• [Data to examine]
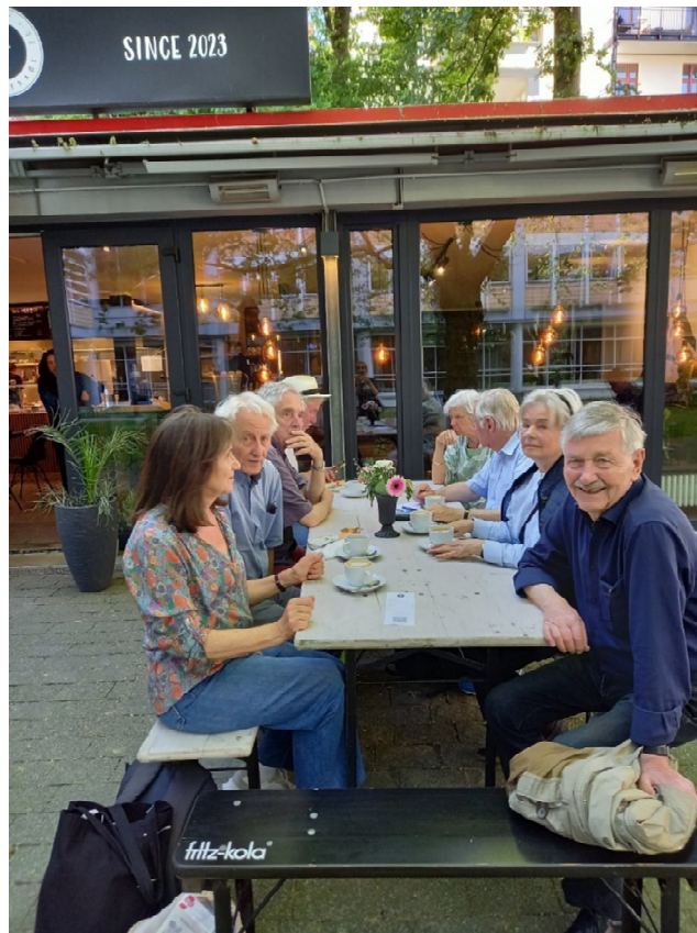
Die Stadtgängerinnen und Stadtgänger: Die „Revolution“ fiel -Gott sei Dank – aus.

Es wiederholt sich Geschichte eben nicht einfach wieder, jüdische Mitbürgerinnen und Mitbürger sollen heute, unbehelligt wie andere Bürgerinnen und Bürger auch hier in der Rothenbaumchaussee wohnen und arbeiten. Nicht zufällig sind wir bei den Juristen gelandet. Eine weiß gekleidete Studentin sitzt auf der Mauer vor dem Gebäude der Rechtswissenschaft. Sie zieht an ihrer E-Zigarette und sagt: Ich studiere Jura, damit das Recht hierzulande nie mehr gebeugt werden darf. Und am Nebentisch füttert die Cafebesitzerin ihr kleines Kind mit bestem Kuchen aus ihrem Cafe.
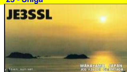
26 - Wakayama
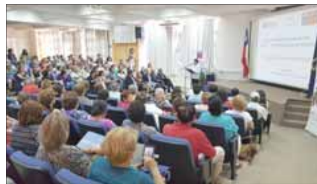
Con más de 200 participantes se dio inicio a la I Escuela de Verano ‘Los Mayores a la Universidad’ en el Valle del Aconcagua.

Dupré agregó que “esto ha sido un éxito, estamos muy contentos, tenemos alrededor de 200 adultos mayores que están participando de la I Escuela de Verano que estamos realizando con la Universidad de Valparaíso y las Gobernaciones de San Felipe y
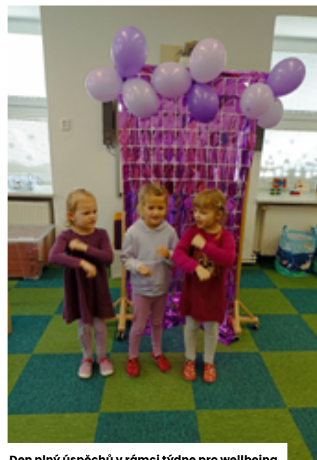
Den plný úspěchů v rámci týdne pro wellbeing
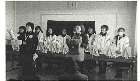
県立茅ヶ崎養護学校文化祭 〈きらめき祭〉
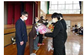
写真は昨年度の離任式の様子です
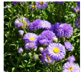
Erigeron x Hybride , blau Feinstrahlaster

Blüthenhöhe: 30-50 cm Blütezeit: Juli-Sept
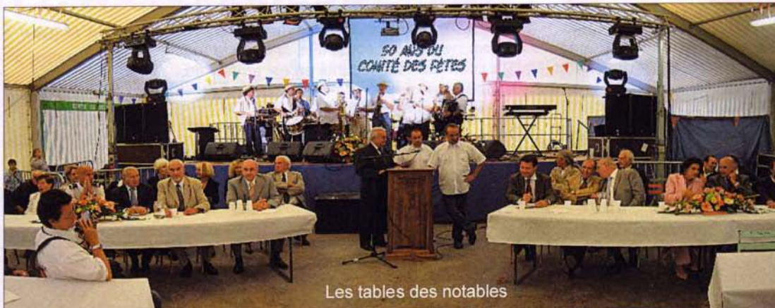
Les tables des notables
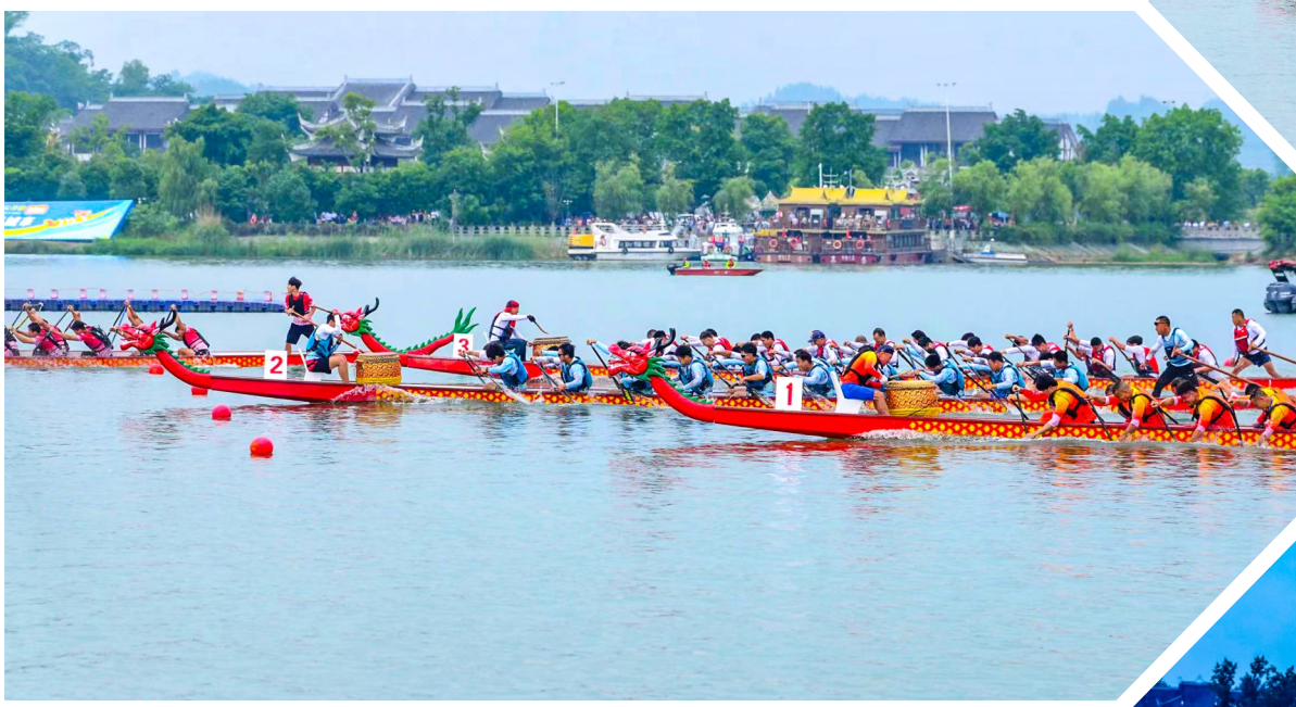
龙舟如同离弦之箭,竞相冲刺而出。
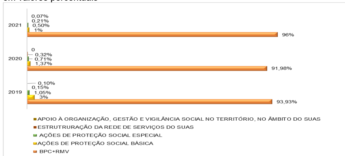
Gráfico 2 Participação do BPC e dos serviços socioassistenciais no total do FNAS em valores percentuais
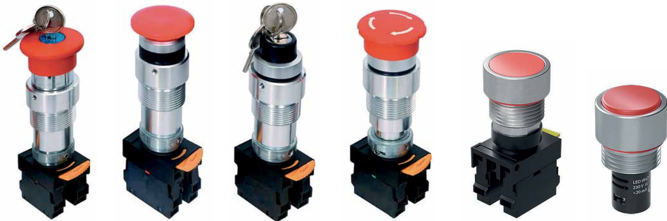
Рис. 4. Элементы управления для взрывонепроницаемых оболочек серии EXDCU

от механических повреждений, пыли и влаги.
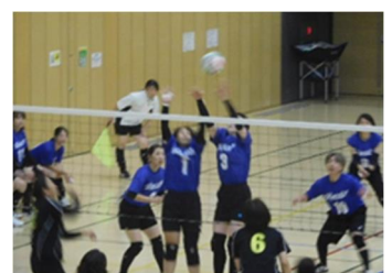
PTAバレー東葛大会進出
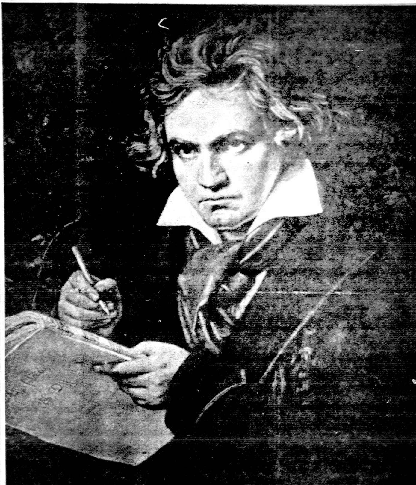
Ludwig van Beethoven, laikantis vieną iš didžiųjų savo kūrinių "Missa Solemnis"

kaip pianistas, o iš 12 metų amžiaus jau turime atspausdintų kunigaikščiu dedikuotų keletą trumpų fortepijono sonatų ir vargiacijų, rodančių, nepaisant formos trumpumo, nemažą sugebėjimą, aiškų kūrybinį talentą ir net kai kuriuos būsimą Beethoveno bruožus. Liudviko tėvas turėjo vis didėjančią palinkimą alkoholin. Sūnui nuo 11-12 m. teko vargonininkauti, kunigaikščio orkestre groti viola ir net operų pastatymuos palydėti orkestrą fortepijonu; tai buvo tada at-
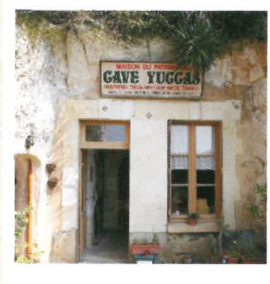
Visite de la Cave Yuccas Contact : 02 54 85 30 45
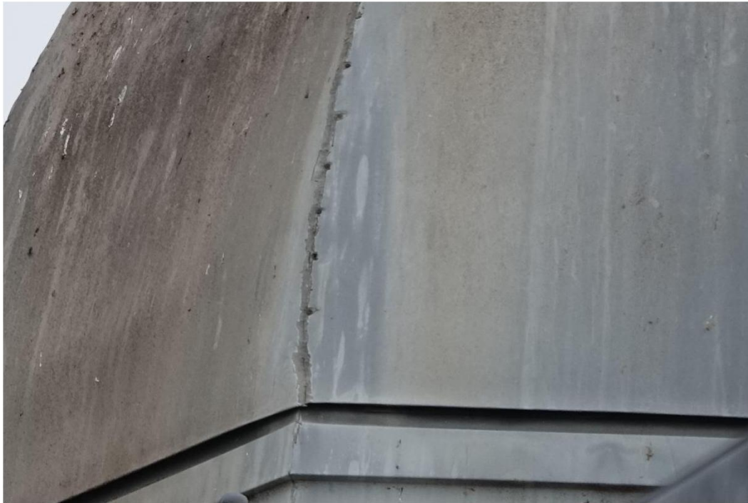
Figuur 9 Close-up foto zinken toren
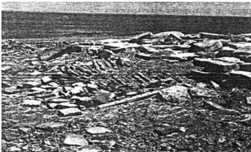
Рис. 1. Западный склон некрополя.

При предварительном визуальном обследовании памятника выяснилось, что всю его центральную часть образуют развалины прямоугольной постройки, основания стен которой сложены из каменных плит. Размеры постройки 24x10 м. Основания стен шириной 1,45-1,65 м. Плоские каменные плиты уложены так, что ровные края образуют плоскости. Прямоугольник постройки разделен двумя поперечными стенами на три помещения (№ 1, 2, 3 — нумерация с юга на север) (рис. 2). Многие каменные плиты сдвинуты со своих мест и находятся внутри помещений. Размеры наибольших плит 1,2x1,1 м; 1,0x1,4 м.
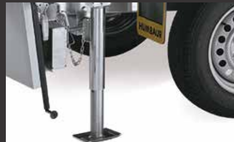
Teleskopkurbelstützen (2 Stück)

• [Work to complete]
Say how many lines in the records hold the string "Universidad", please, and add no other words.

• [Answer to this exercise]
2